The answer must be the full listing, word for word, with no pictures in it.

Dataset section =

·····

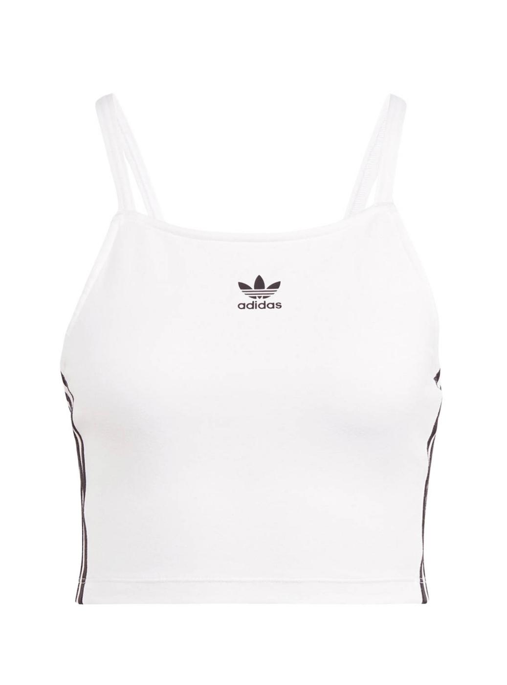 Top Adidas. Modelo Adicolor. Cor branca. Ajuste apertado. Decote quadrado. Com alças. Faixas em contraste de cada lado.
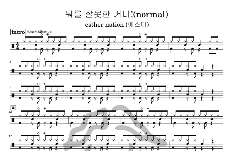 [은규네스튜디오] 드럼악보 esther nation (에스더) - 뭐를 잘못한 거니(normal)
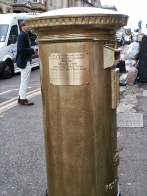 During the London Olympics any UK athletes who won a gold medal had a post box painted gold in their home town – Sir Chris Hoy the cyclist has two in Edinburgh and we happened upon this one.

·····

Result of the task =
 Top Adidas. Modelo Adicolor. Cor branca. Ajuste apertado. Decote quadrado. Com alças. Faixas em contraste de cada lado.
 [은규네스튜디오] 드럼악보 esther nation (에스더) - 뭐를 잘못한 거니(normal)
 During the London Olympics any UK athletes who won a gold medal had a post box painted gold in their home town – Sir Chris Hoy the cyclist has two in Edinburgh and we happened upon this one.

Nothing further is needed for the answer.